После злополучной статьи Крутовской в глазах грязнопольцев стал каким-то легендарным существом, и его именем чуть не пугали детей. Рассказы про него отличались замечательным разнообразием и фантастичностью: одни говорили, что это поляк, прикидывающийся русским, другие, что он агент правительства, третьи, что он вербовщик членов интернационала и что недалек тот день, когда Грязнополье будет сожжено «этим мерзавцем».

А Крутовской и в ус себе не дул. Он выслушал наставление генерала по поводу последней корреспонденции, и когда тот кончил свою речь, то заметил самым откровенным тоном:

— Но ведь согласитесь, ваше превосходительство, что если половина того, что я написал, правда, то ведь господин Колосов, право, этого стоит.

Генерал не мог не улыбнуться такой откровенности.

— Быть может, и стоит, но, во всяком случае, надо осторожней.

— Если б осторожность была моим качеством, то вряд ли я бы имел честь видеть здесь ваше превосходительство.

Генерал опять улыбнулся. Крутовской ему очень понравился.

— Вы бы, Крутовской, переменили ваш образ мыслей… то есть, как бы вам сказать…

— То есть, перестал бы быть Крутовским? — улыбнулся Крутовской.

— Почти что так! — засмеялся генерал.

— Это почти что невозможно! — засмеялся Крутовской.

— Тогда могли бы и на службу поступить. Я бы готов похлопотать. Ведь я вас вот каким знавал… еще пажом.

— Нет уж, ваше превосходительство, горбатого могила исправит.

— Как знаете, но только я вас прошу, Крутовской, не очень ругаться.

— Постараюсь, ваше превосходительство! — отвечал Крутовской, сделав такую уморительную гримасу, что генерал не мог снова не улыбнуться.

Тем дело и кончилось. Он по-прежнему продолжал писать корреспонденции и юмористические статьи и очень злился, что в печати они появляются не всегда такими, какими он отсылал их в редакцию. «Уж, кажется, чего мягче? — говорил он жене, — а все-таки тебя коверкают так, что ты и себя не узнаешь!» Впрочем, последнее время Крутовскому было не до статей.

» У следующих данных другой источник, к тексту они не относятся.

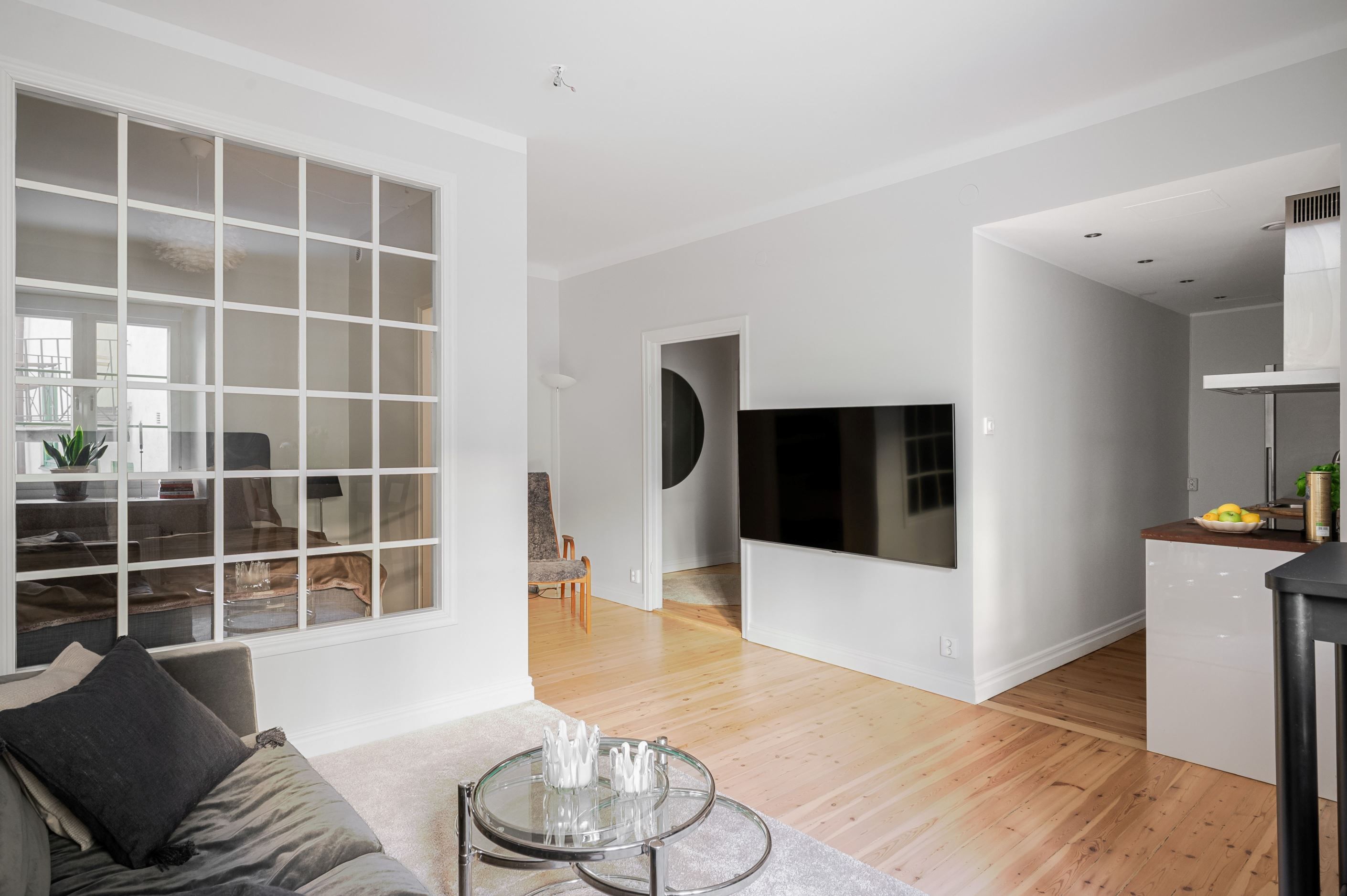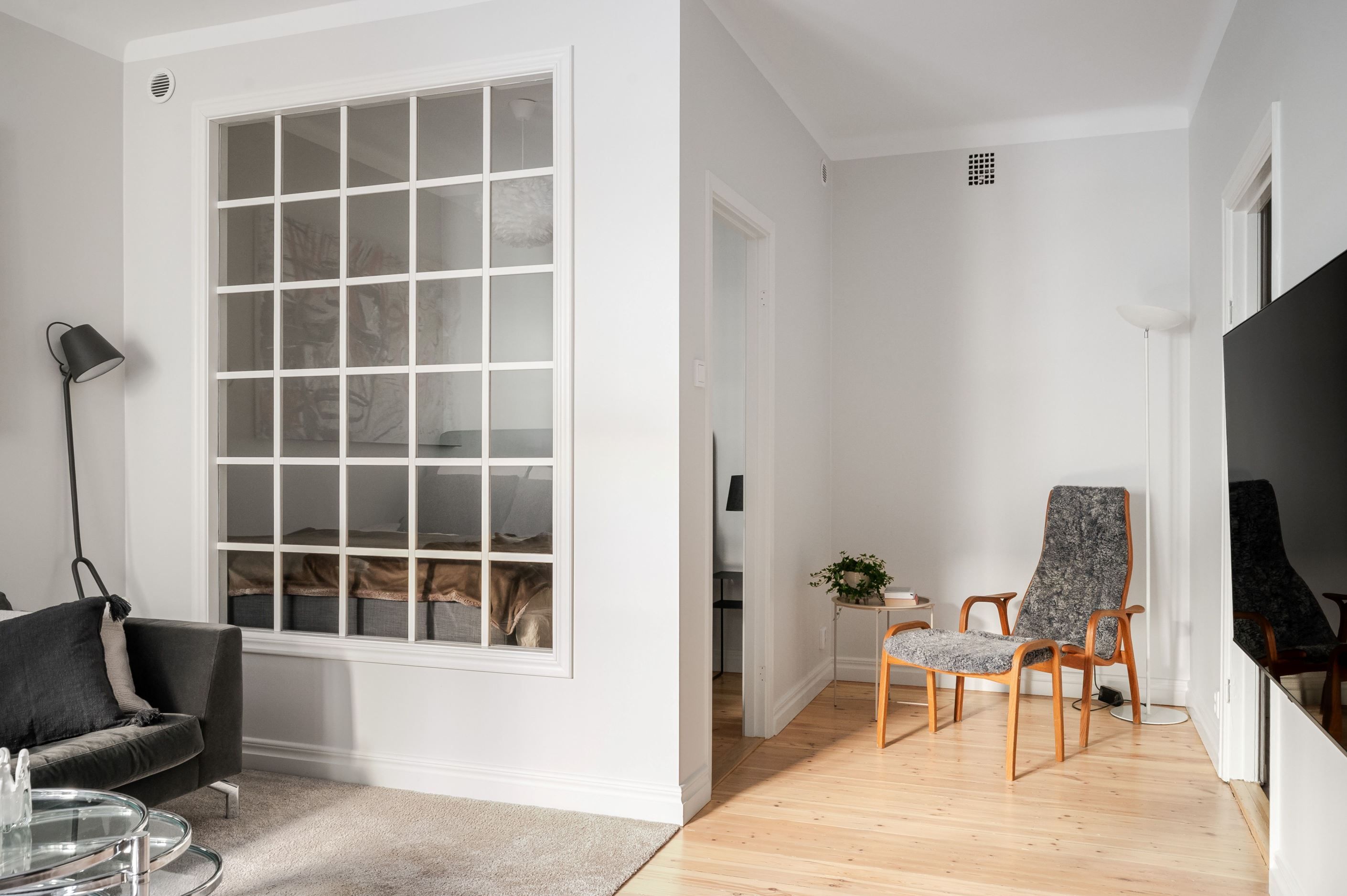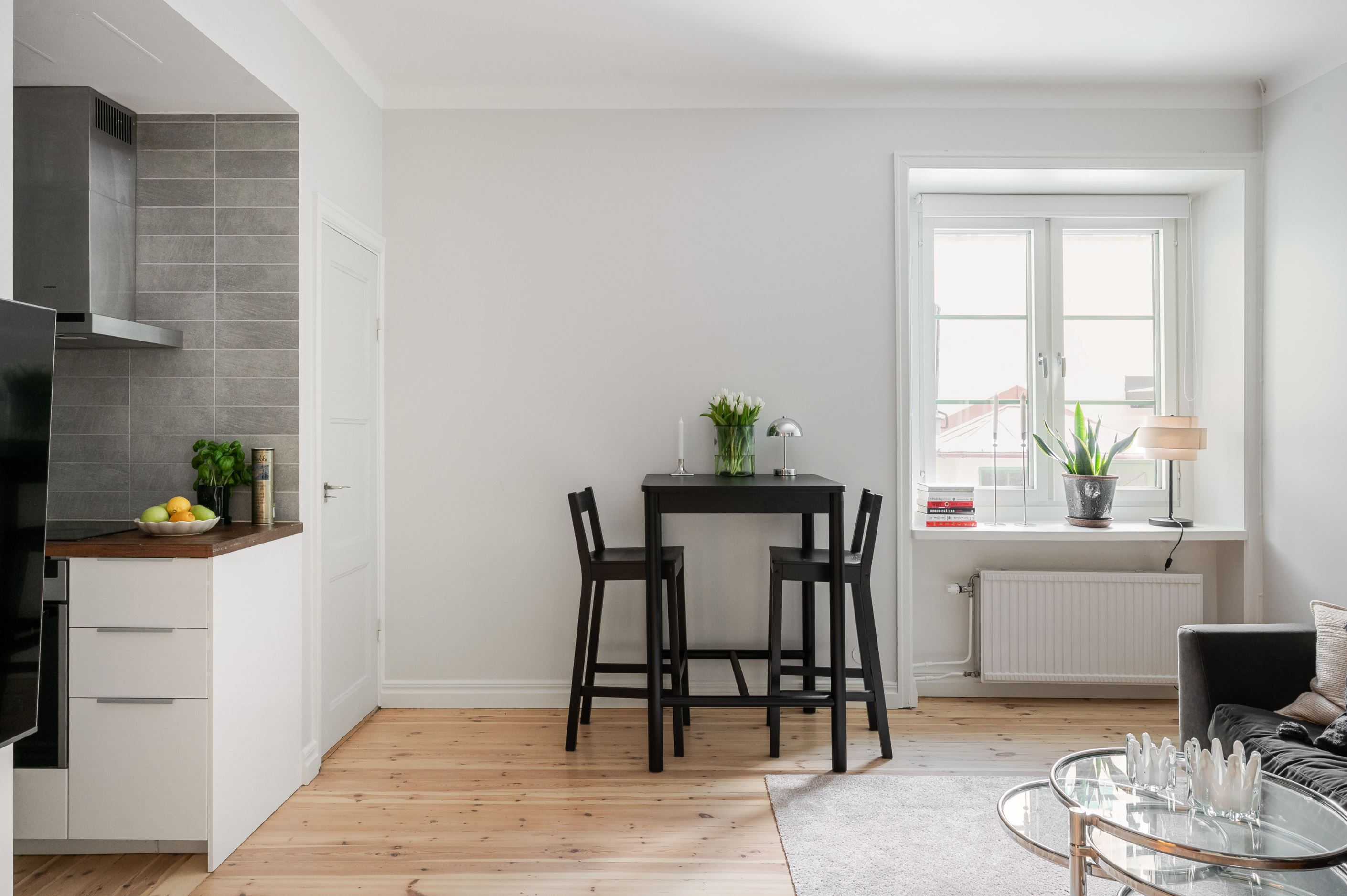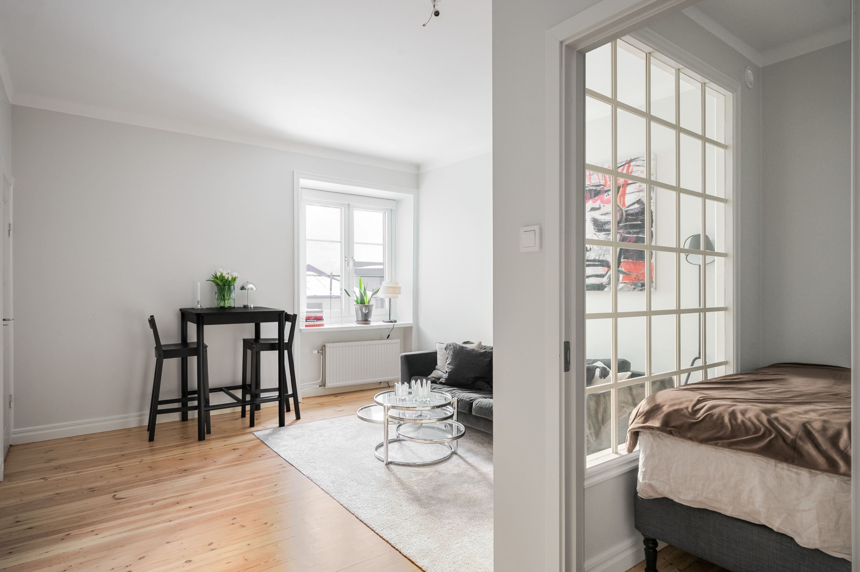 Den öppna planlösningen mellan kök och vardagsrum gör bostaden både social och lättmöblerad – perfekt för middagar med vänner såväl som lugna hemmakvällar. Köket är placerat i direkt anslutning till vardagsrummet och bidrar till ett luftigt och sammanhängande helhetsintryck. Sovrummet är smart avdelat och ramas in av ett spröjsat fönsterparti som släpper in ljus och samtidigt skapar en tydlig och ombonad sovdel.

Он увлекся театром и каждый вечер сидел там, любуясь Ленорм, которая приводила грязнопольскую публику в восторг своей недурной игрой и красивой наружностью.

Крутовской познакомился с нею оригинальным манером. После первого ее дебюта он прямо явился к ней на квартиру.

— Крутовской! — представился он. — Пришел с тем, чтобы познакомиться с вами, если только вы меня не прогоните. А если прогоните — уйду! — прибавил, он, весело усмехаясь.

— Садитесь. Я про вас много слышала. Вами пугают здесь детей.

Они разговорились. Ленорм говорила умно и бойко. Крутовской вышел от нее в восторге.

— Володя, голубчик, денег нет! — встретила его дома жена.

— Будут, Люда, будут… Сегодня достану.

— Ты знаешь, через месяц векселям срок.

— Знаю. Они у Стрекалова.

— Экий ты, Володя, бледный какой… здоров?

— Здоров, что мне делается! — резко отвечал Крутовской.

Людмила Николаевна молча посмотрела на него и ушла в другую комнату. Крутовской стал пропадать из дому и большую часть времени проводил у своей новой знакомой. Она принимала его радушно и кокетничала.

Как-то вечером они сидели вдвоем и весело болтали. Крутовской хвалил ее игру в новой роли, и Ленорм с удовольствием слушала его.

— А скоро, Крутовской, вы меня бранить станете?

Она взглянула на его оживленные глаза и усмехнулась.

— Я?

— Вы! Разве я вас не узнала? Вас ведь очень скоро можно узнать, вы из откровенных. Вот вы ходите ко мне, милы со мной, немножко ухаживаете, а после…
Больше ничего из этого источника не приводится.